Я уже упоминал о том, что моё стремление достигнуть удовлетворительных отношений между Россией и Германией во время потсдамского свидания государей навлекло на меня во Франции и в Англии подозрение в германофильстве. Мое первое официальное посещение Парижа дало мне желанный повод рассеять в умах наших союзников это ошибочное представление, и я надеюсь, что после вполне откровенных разговоров с французскими министрами мне удалось твёрдо установить в их глазах моё истинное политическое мировоззрение. Главным аргументом при этом мне служило высказанное им моё убеждение в необходимости для России, как в её собственных интересах, так и в интересах всей Европы, достигнуть возможно удовлетворительных отношений с Германией и таким способом содействовать укреплению европейского мира. Помимо этого поддержание старой дружбы между русским и прусским царствующими домами давало нам возможность проявлять наше умиротворяющее влияние на германское правительство к выгоде самой Франции, что нами и было неоднократно с успехом выполнено в критические моменты франко-германских дипломатических столкновений за период времени, начавшийся с 1875 года и вплоть до агадирского эпизода.
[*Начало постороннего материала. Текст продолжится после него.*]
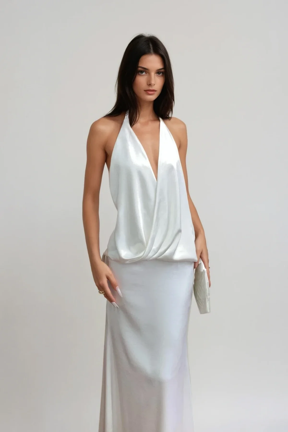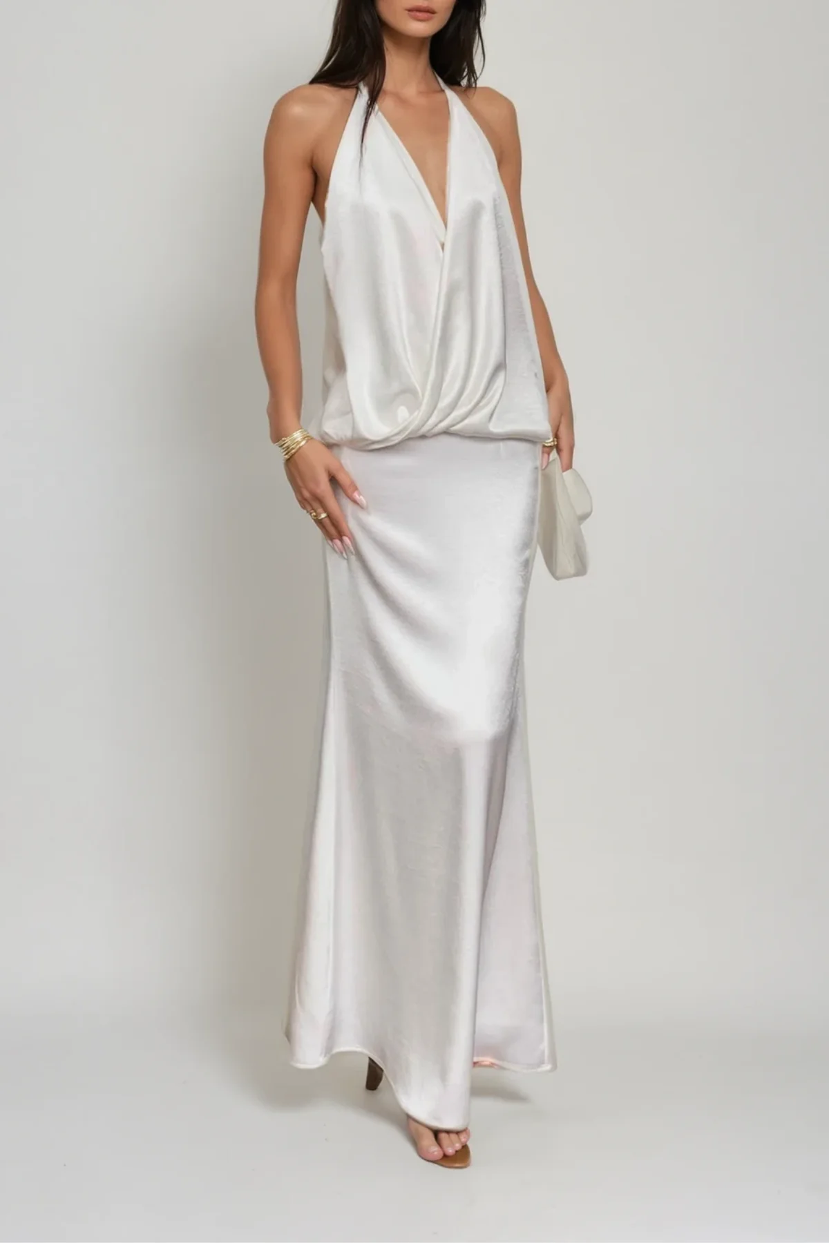 Indulge in the luxurious charm of the White Satin Backless Maxi Dress. This chic and timeless piece is crafted from silky satin fabric, offering a smooth and flattering silhouette. The backless design exudes modern allure while making a bold style statement. Ideal for formal occasions, this dress blends comfort with sophistication, creating an essential outfit for those seeking refined glamour. Experience non-stretch comfort. For care, gentle machine wash is recommended. Variations in color may occur due to lighting during photography.

Председатель совета министров г-н Кальо произвел на меня впечатление человека, одаренного в самой высокой степени теми особенными свойствами ума, которые составляют как бы монополию французского народа. В стране, где даровитость и блестящее остроумие не являются уделом отдельных лиц, а настолько широко распространены во всех слоях народа, что перестают казаться счастливым исключением и становятся почти общим правилом, теряя при этом в значительной степени свою прелесть, глава французского правительства казался в этом отношении чем-то вроде исключительного явления. Приходится жалеть, что благодаря некоторым присущим ему недостаткам его политическая карьера оборвалась при печальных обстоятельствах в такую пору жизни, когда менее выдающиеся люди только начинают закладывать её основание, и что редкие его дарования не дали родине его всего того, что она была вправе от него ожидать.